**What is needed**
Leave the pictures aside. Retype exactly the lines from the top of the data below through the one holding "This paper develops".

**Data section**
[Start of section]
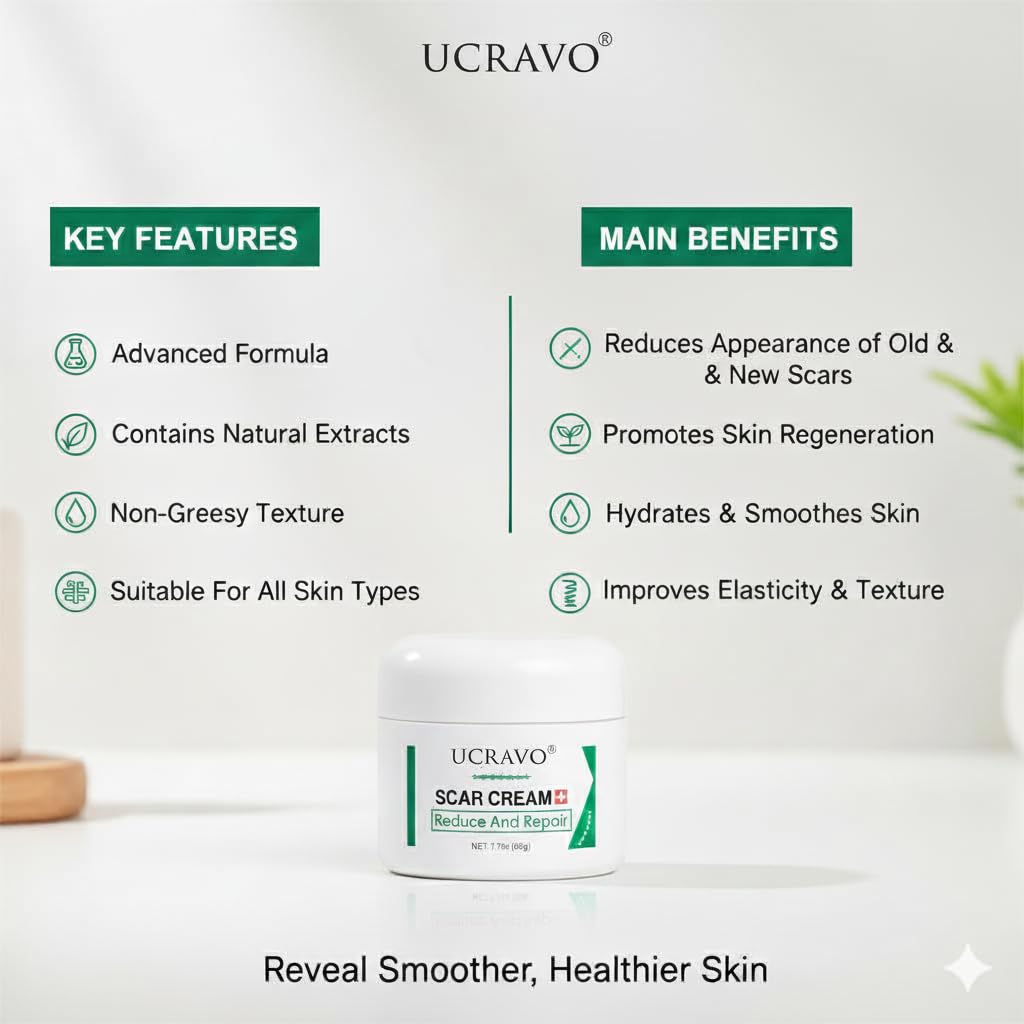 - ✅ ADVANCED SCAR REMOVAL & SKIN REPAIR BY UCRAVO:-UCRAVO Scar Cream is a powerful scar reduction and skin repair treatment designed to help visibly reduce the appearance of old scars, new scars, acne scars, pimple marks, surgical scars, burn scars, cut marks, injury scars, wound scars, stretch marks, C-section scars, and pigmentation marks, while improving overall skin texture, tone, and smoothness with consistent daily use.
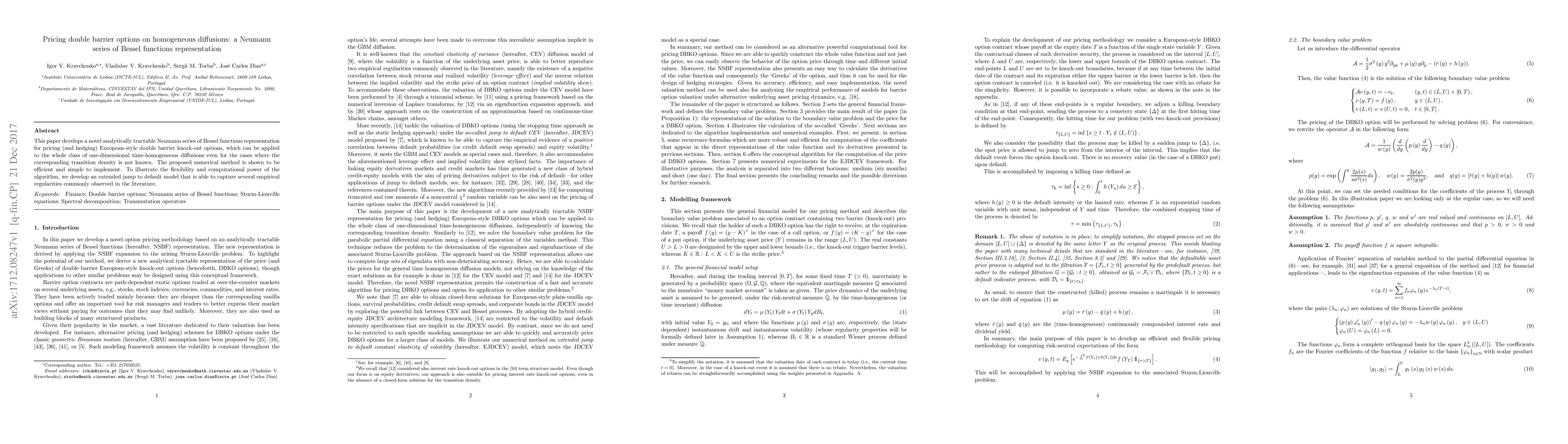 This paper develops a novel analytically tractable Neumann series of Bessel functions representation for pricing (and hedging) European-style double barrier knock-out options, which can be applied to the whole class of one-dimensional time-homogeneous diffusions even for the cases where the corresponding transition density is not known. The proposed numerical method is shown to be efficient and simple to implement. To illustrate the flexibility and computational power of the algorithm, we develop an extended jump to default model that is able to capture several empirical regularities commonly observed in the literature.
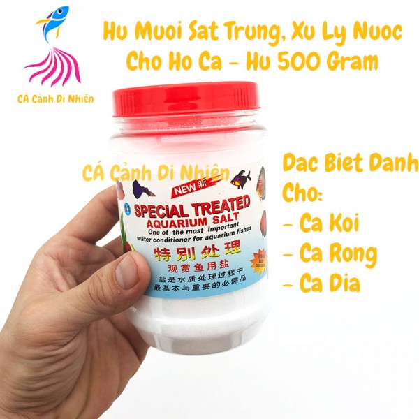 Hũ muối 500 gram sát trùng chuyên dùng cho hồ cá cảnh có công dụng sát trùng hồ cá khi thay nước bể hồ mới đặc biệt sản phẩm chuyên dùng cho các hồ: Cá dĩa, Cá Koi, Cá vàng, Cá rồng, v.v.
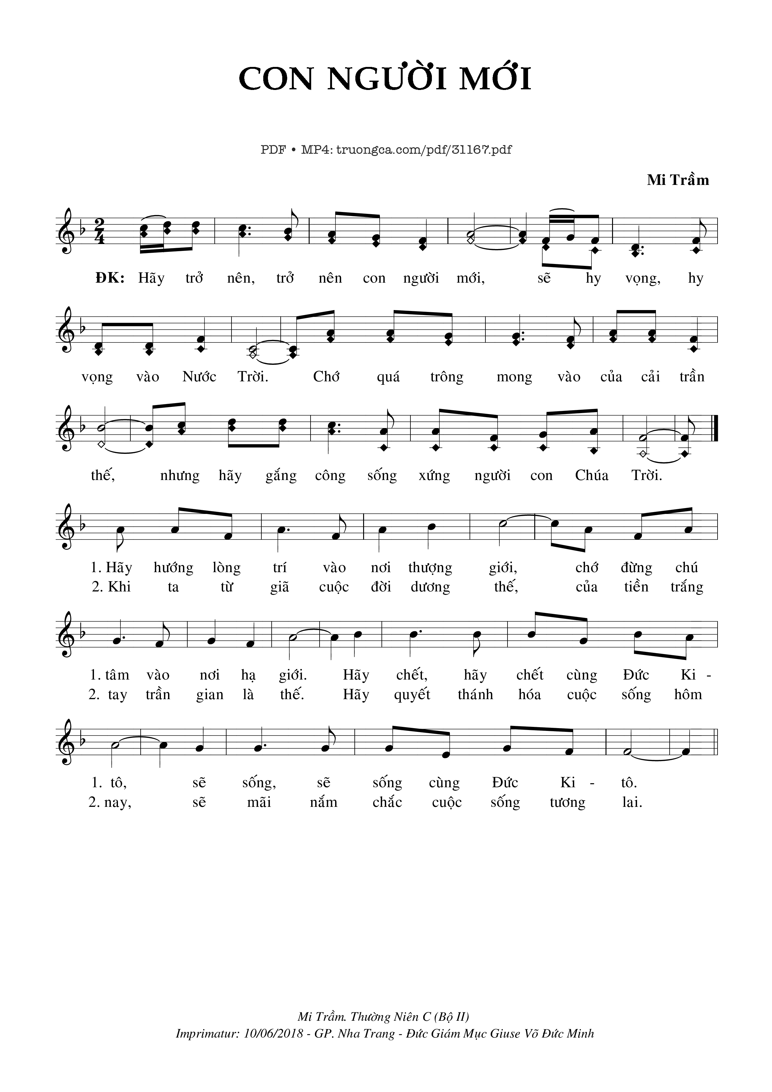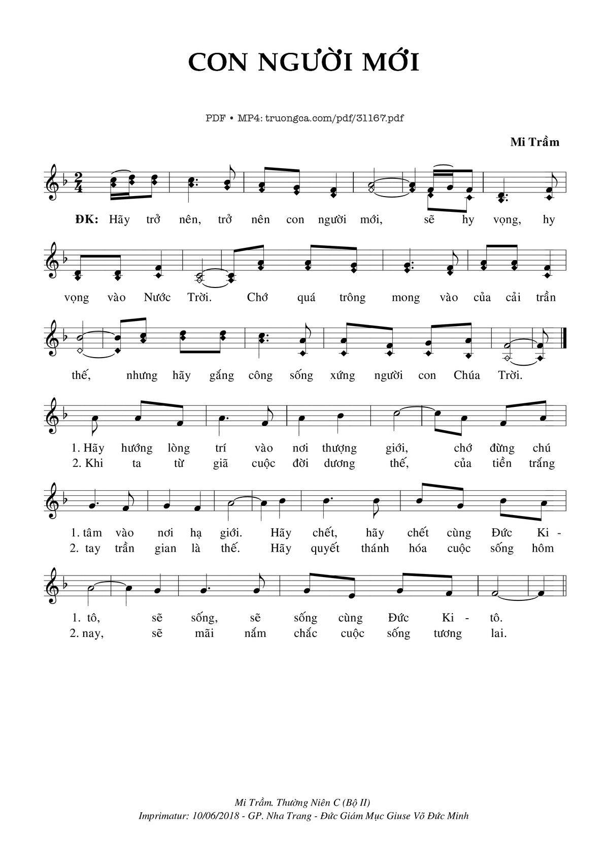 Transposition is the process of moving a song's melody and chords up or down in pitch by a constant interval. The direction of the transposition tool is indicated by a plus (+) sign for up and a minus (-) sign for down. Hover mouse over chords signs to see the chords chart of Con Người Mới song.
[End of section]
**Exercise response**
 - ✅ ADVANCED SCAR REMOVAL & SKIN REPAIR BY UCRAVO:-UCRAVO Scar Cream is a powerful scar reduction and skin repair treatment designed to help visibly reduce the appearance of old scars, new scars, acne scars, pimple marks, surgical scars, burn scars, cut marks, injury scars, wound scars, stretch marks, C-section scars, and pigmentation marks, while improving overall skin texture, tone, and smoothness with consistent daily use.
 This paper develops a novel analytically tractable Neumann series of Bessel functions representation for pricing (and hedging) European-style double barrier knock-out options, which can be applied to the whole class of one-dimensional time-homogeneous diffusions even for the cases where the corresponding transition density is not known. The proposed numerical method is shown to be efficient and simple to implement. To illustrate the flexibility and computational power of the algorithm, we develop an extended jump to default model that is able to capture several empirical regularities commonly observed in the literature.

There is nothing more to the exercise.